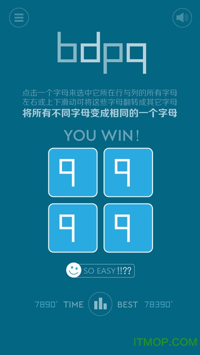 这是一款真正考验智力的精品游戏,虽然难度极高,但只要保持耐心不断尝试,最终总能发现其中的规律。这类解谜游戏的核心乐趣就在于独立思考和自主探索,单纯追求速度或依赖公式反而会失去游戏的本质乐趣。对于高阶模式实在无法突破的玩家,这里提供一个实用小技巧:尝试成对操作字母。具体来说,就是观察相邻字母之间的关系,通过合理的组合操作来简化方阵。当然,这只是众多解法中的一种,每个玩家都可能发现独特的解决之道,这正是《bdpq》最吸引人的地方。
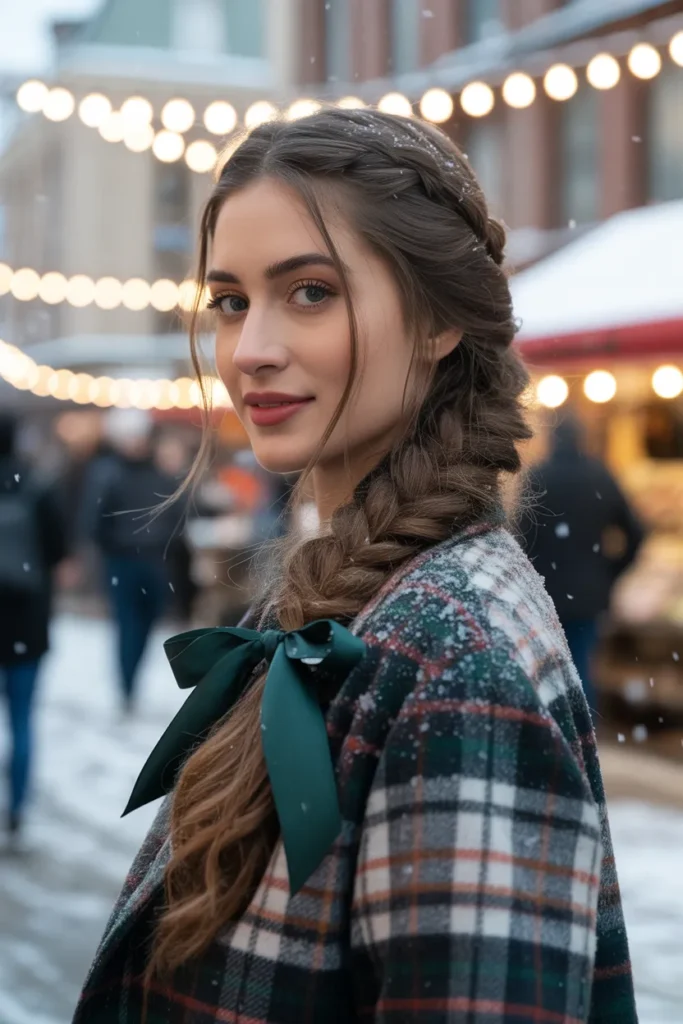 The falling snow and warm market lights add charm to the style, making it great for Christmas market visits or outdoor gatherings. This hairstyle photographs well because the ribbon and braid catch light in a subtle, pretty way.
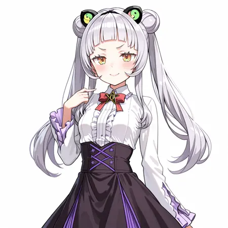 트리거: Shion, 1girl, murasaki shion, 머리묶음, 배꼽, 긴 머리, 회색 머리, 허리선, 검은 치마, 긴 소매, 단정한 앞머리, 공식 대체 복장, 더블 뱅, 크롭 상의, 줄무늬 리본, 보라색 리본, 크롭탑, 작은 가슴, 트윈테일, 옆머리, 허벅지 길이 양말, 프릴 치마, 프릴, 생식기, 검은 셔츠, 리본넥타이, 복부, 머리띠, 미니스커트, 네일아트, 노란 눈, 조끼, 머리 장식, 손목을 넘는 소매, 가슴선, 넓은 소매, 대체 헤어스타일, 카우보이 샷
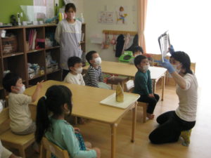 ピアノ組さんは、たけのこの本を見ながらお話を聞き、実際にたけのこに触ってみました。
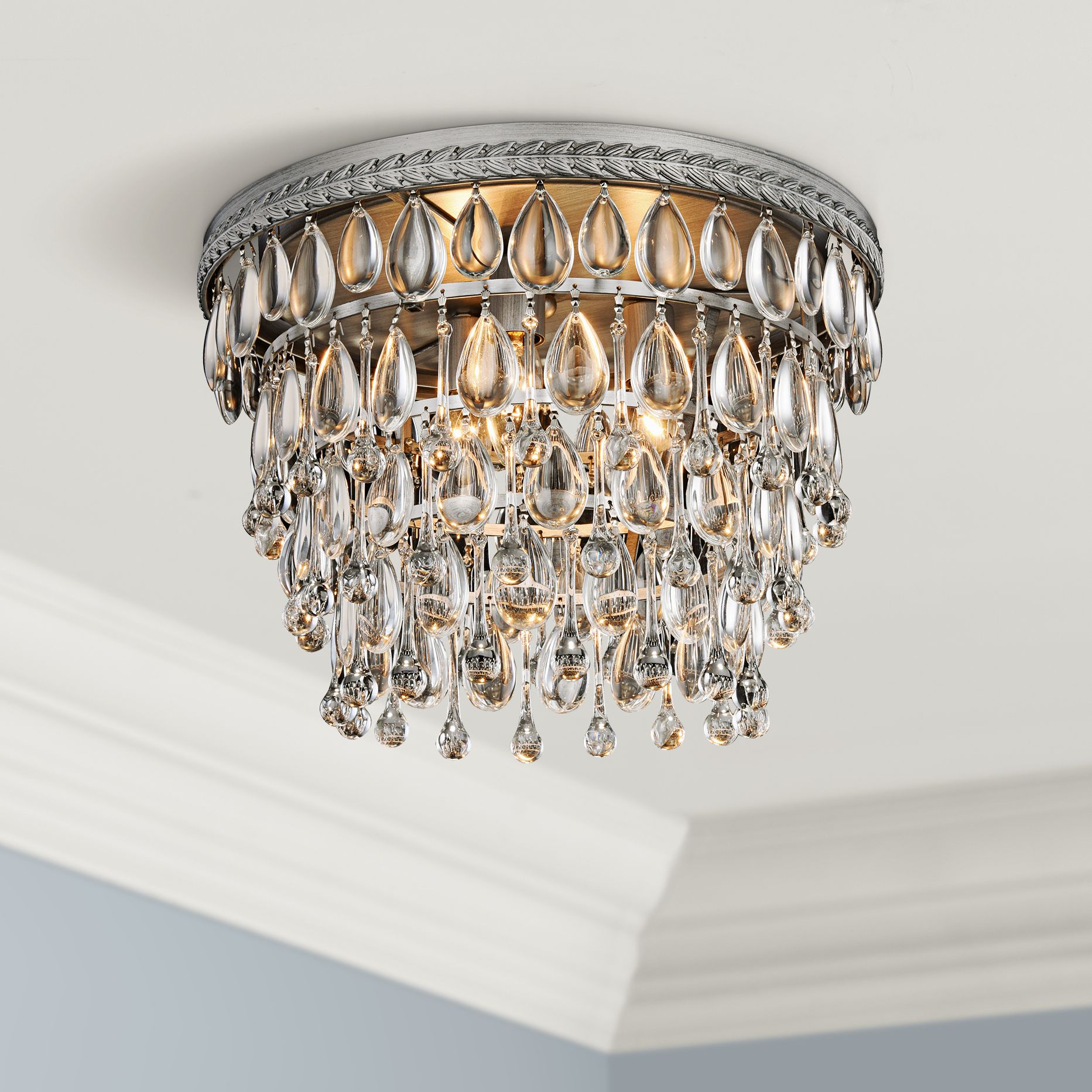 Nordic 15"W 3-Light Antique Silver and Crystal Ceiling Light
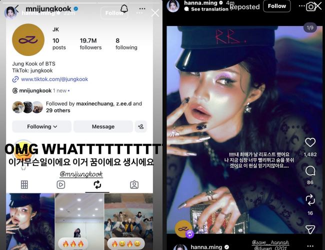 Upon realizing that her ultimate bias had interacted with her account, Hanna was almost overwhelmed with excitement and disbelief. She immediately posted a story with the caption: “OMG WHATTTTTT. What is happening? Is this a dream or real life?” Unable to contain herself, she followed up with another story: “OMG WHATTTTTT!!!! My favorite one reposted me. Now my heart is beating so fast and I can't breathe. I can’t believe this is reality,” showing her peak excitement.
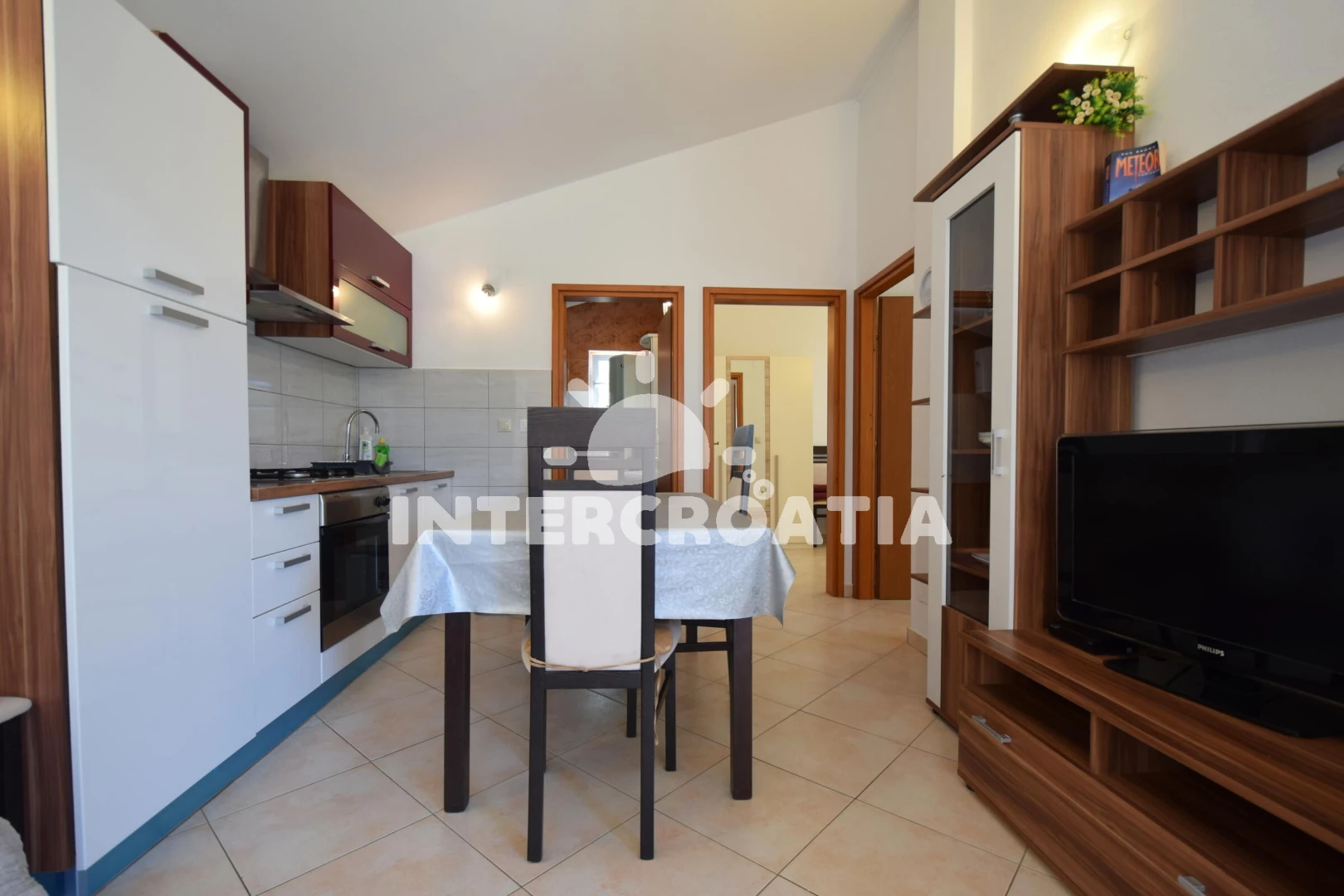 Vzdálenosti: Moře 600 m, pláž 600 m (oblázky), restaurace 600 m, supermarket 1 km, bar 1,5 km, veřejná doprava 1,5 km, ambulance 2 km, potápění 2 km, čerpací stanice 2,1 km, lékárna 2,1 km, diskotéka 2,1 km, centrum 2,2 km, muzeum 2,2 km, banka 2,2 km, směnárna 2,2 km, pošta 2,5 km,

--

→ **TASK ITEM**
Start at the first line and set down all of the data exactly, passing over the pictures.

→ **EXERCISE RESPONSE**
 这是一款真正考验智力的精品游戏,虽然难度极高,但只要保持耐心不断尝试,最终总能发现其中的规律。这类解谜游戏的核心乐趣就在于独立思考和自主探索,单纯追求速度或依赖公式反而会失去游戏的本质乐趣。对于高阶模式实在无法突破的玩家,这里提供一个实用小技巧:尝试成对操作字母。具体来说,就是观察相邻字母之间的关系,通过合理的组合操作来简化方阵。当然,这只是众多解法中的一种,每个玩家都可能发现独特的解决之道,这正是《bdpq》最吸引人的地方。
 The falling snow and warm market lights add charm to the style, making it great for Christmas market visits or outdoor gatherings. This hairstyle photographs well because the ribbon and braid catch light in a subtle, pretty way.
 트리거: Shion, 1girl, murasaki shion, 머리묶음, 배꼽, 긴 머리, 회색 머리, 허리선, 검은 치마, 긴 소매, 단정한 앞머리, 공식 대체 복장, 더블 뱅, 크롭 상의, 줄무늬 리본, 보라색 리본, 크롭탑, 작은 가슴, 트윈테일, 옆머리, 허벅지 길이 양말, 프릴 치마, 프릴, 생식기, 검은 셔츠, 리본넥타이, 복부, 머리띠, 미니스커트, 네일아트, 노란 눈, 조끼, 머리 장식, 손목을 넘는 소매, 가슴선, 넓은 소매, 대체 헤어스타일, 카우보이 샷
 ピアノ組さんは、たけのこの本を見ながらお話を聞き、実際にたけのこに触ってみました。
 Nordic 15"W 3-Light Antique Silver and Crystal Ceiling Light
 Upon realizing that her ultimate bias had interacted with her account, Hanna was almost overwhelmed with excitement and disbelief. She immediately posted a story with the caption: “OMG WHATTTTTT. What is happening? Is this a dream or real life?” Unable to contain herself, she followed up with another story: “OMG WHATTTTTT!!!! My favorite one reposted me. Now my heart is beating so fast and I can't breathe. I can’t believe this is reality,” showing her peak excitement.
 Vzdálenosti: Moře 600 m, pláž 600 m (oblázky), restaurace 600 m, supermarket 1 km, bar 1,5 km, veřejná doprava 1,5 km, ambulance 2 km, potápění 2 km, čerpací stanice 2,1 km, lékárna 2,1 km, diskotéka 2,1 km, centrum 2,2 km, muzeum 2,2 km, banka 2,2 km, směnárna 2,2 km, pošta 2,5 km,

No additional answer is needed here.